Apakah kegelisahan itu sangat manusiawi? Para pemberi nasihat langsung memberikan jawaban, “Iya”. Tapi, bagi yang mengalami, mereka harus berproses:
- Untuk menenangkan diri.
- Untuk menghibur diri.
- Untuk menyemangati dan memotivasi diri.

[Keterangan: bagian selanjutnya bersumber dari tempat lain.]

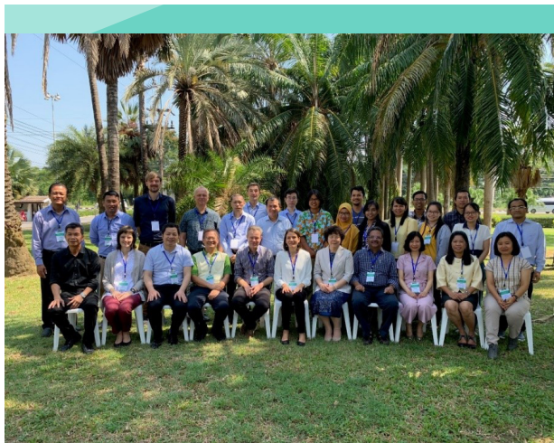
Participants of the regional workshop “Enhancing farmers’ access to improved mungbean varieties and good agricultural practices in Southeast Asia” held on April 23-24, 2019 at the World Vegetable Center, East and Southeast Asia Regional Office, Thailand.

The workshop informed participants about the current status of the WorldVeg mungbean improvement program and demonstrated a selection of mungbean lines from World Vegetable Center and Kasetsart University, which should enable mungbean breeders in the region to identify germplasm for use in their improvement programs. Although overall demand for mungbean is rising in the region, only very few mungbean experts are present in each country. Participants saw significant benefits (e.g. mutual learning, international networking, development of collaborative research projects, exchange of germplasm and varieties) of international collaboration, and agreed to meet on a yearly basis and mobilize financial resources to support common projects. Hence, the obvious question is: Shall we expand the existing International Mungbean Improvement Network (IMIN)?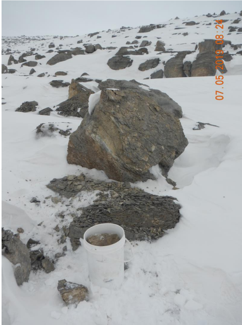
Figure I35– PQ5A sampling location (detailed view) with scale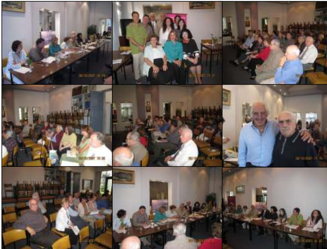
Photographs from the AGM held on Sunday 28 th of October 2007.

Advertisements coming soon All we need is you!

- Untuk berdoa dan berserah dengan mengatakan, “Yang akan terjadi, terjadilah.” Tidak ada langkah mundur. Tapi harus berani maju, selangkah demi selangkah untuk menyelesaikan hal itu dengan tuntas.
Sahabat, pesan yang hendak disampaikan adalah: jika kita tidak siap, pasti jadi gelisah. Kita juga pernah mengalami hal itu.
Sejatinya, pesan Tuhan Yesus dalam Injil adalah agar kita harus jadi hamba-hamba yang siap sedia melayani Tuhan (Luk 12: 35-49). Karena ketidaksiapan itu membuat kita gelisah (juga takut), maka kita harus menyiapkan segala sesuatu itu dengan baik, termasuk menyiapkan kematian kita. Jangan sampai jadi gelisah (dan takut) karena tidak siap.
Ingat, Tuhan senantiasa sertai kita hingga akhir zaman.